# Who Can Resist a Vote!



## Divasin (Aug 8, 2014)

Saturday Afternoon at the Opera (on my favourite radio station CBC2) wants listeners to choose their November selections.

Teresa Stratas' Lulu, Domingo's Tristan, Callas's Norma, Vickers' Fidelio or Peter Grimes, etc
16 to chose from...
full list here:

http://music.cbc.ca/blogs/blogpost....Saturday-Afternoon-at-the-Opera-this-November

I'm still working on my choices!


----------



## SixFootScowl (Oct 17, 2011)

Out of that list I would vote for Fidelio and Turandot.


----------



## MAuer (Feb 6, 2011)

I'd probably go with _Turandot_ and either _Idomeneo_ or _Der Freischütz_.
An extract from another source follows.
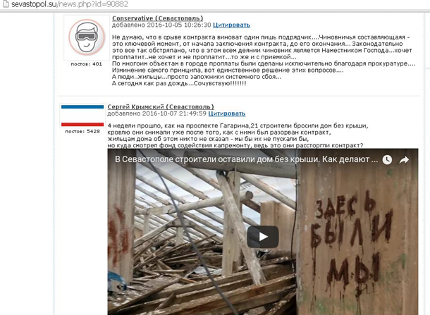 В понедельник, 10 октября, как раз за неделю до старта отопительного сезона в Севастополе, и.о. директора Департамента городского хозяйства Андрей Чибисов бодро . Если в скором времени найдут подрядчиков и выделят им необходимое количество средств, то починить крыши можно будет только в ноябре. В этом заявлении интересны 2 момента: во-первых, ситуация возникла потому, что город не заплатил подрядчикам, а это значит, что и следующие подрядчики рискуют остаться без денег, ну и во-вторых, история развивается осенью, в сезон дождей, что свидетельствует о демонстративно наплевательском отношении отцов города к его жителям.

If the recording of _Fidelio_ they'd chosen had been the one with Nina Stemme and Jonas Kaufmann, it would be my first pick.


----------



## Headphone Hermit (Jan 8, 2014)

I don't need to look at the list - Norma!!!!


----------



## Divasin (Aug 8, 2014)

I'm going to be greedy and choose 6

Beethoven: Fidelio; Klemperer Christa Ludwig / Jon Vickers
Berg: Lulu Teresa Stratas
Peter Grimes Jon Vickers
Bellini: Norma Maria Callas
Weber: Der Freischütz; Kleiber 
Prokofiev: War and Peace; Rostropovich

All powerful interpretations I remember from my youth.


----------



## Bas (Jul 24, 2012)

Of course the Norma - is Callas versus anyone else event worthy to be questioned? - but if that was not an option the Sutherland Turandot or Gardiner's Idomeneo would suffice.


----------



## Itullian (Aug 27, 2011)

Rheingold
Tristan
Freischutz
Fidelio
Norma


----------



## nina foresti (Mar 11, 2014)

Turandot
Peter Grimes
Norma
Tristan & Isolde
Porgy & Bess


----------



## mamascarlatti (Sep 23, 2009)

Pique dame
Tristan und Isolde
Bartered Bride
War and Peace
Pelleas et Melisande


----------



## Couac Addict (Oct 16, 2013)

Norma 
Vixen
Pelleas
Rheingold
L'Orfeo


----------